# Task to carry out
Starting with the line in which "Suivi complet incluant" appears, give back every line exactly as written until the listing ends, excluding pictures.

# Information provided
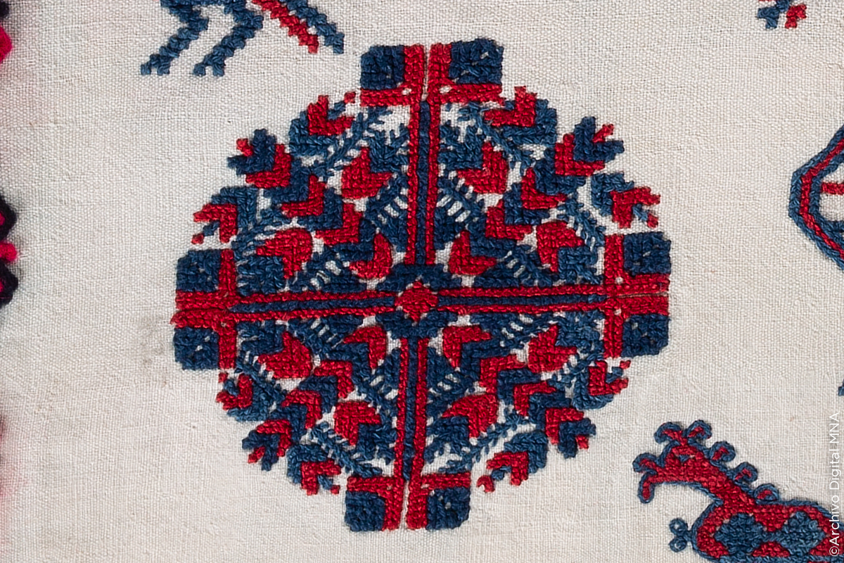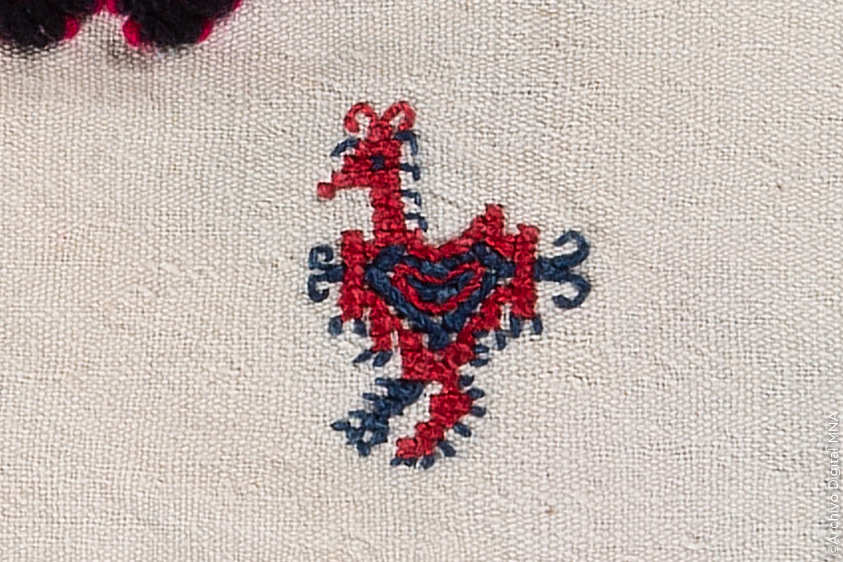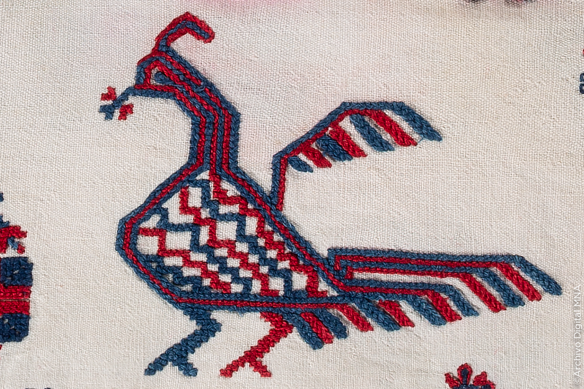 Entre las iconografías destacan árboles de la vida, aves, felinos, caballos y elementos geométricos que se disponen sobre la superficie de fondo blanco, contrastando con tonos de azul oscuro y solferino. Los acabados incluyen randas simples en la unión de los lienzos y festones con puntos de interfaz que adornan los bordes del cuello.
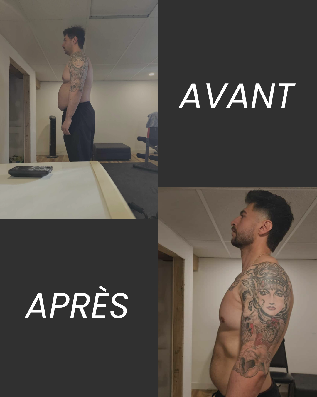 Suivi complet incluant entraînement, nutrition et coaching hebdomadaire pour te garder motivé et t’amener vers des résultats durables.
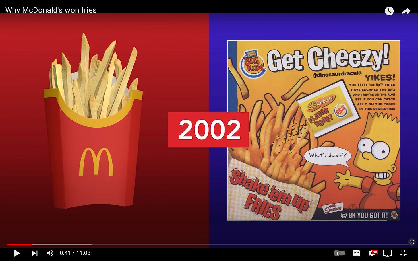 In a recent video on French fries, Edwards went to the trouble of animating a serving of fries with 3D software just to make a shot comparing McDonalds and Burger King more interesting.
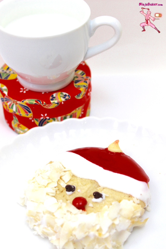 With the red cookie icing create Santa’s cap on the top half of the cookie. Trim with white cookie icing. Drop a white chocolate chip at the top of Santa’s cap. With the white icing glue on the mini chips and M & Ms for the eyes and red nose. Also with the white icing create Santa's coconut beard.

# Written answer
 Suivi complet incluant entraînement, nutrition et coaching hebdomadaire pour te garder motivé et t’amener vers des résultats durables.
 In a recent video on French fries, Edwards went to the trouble of animating a serving of fries with 3D software just to make a shot comparing McDonalds and Burger King more interesting.
 With the red cookie icing create Santa’s cap on the top half of the cookie. Trim with white cookie icing. Drop a white chocolate chip at the top of Santa’s cap. With the white icing glue on the mini chips and M & Ms for the eyes and red nose. Also with the white icing create Santa's coconut beard.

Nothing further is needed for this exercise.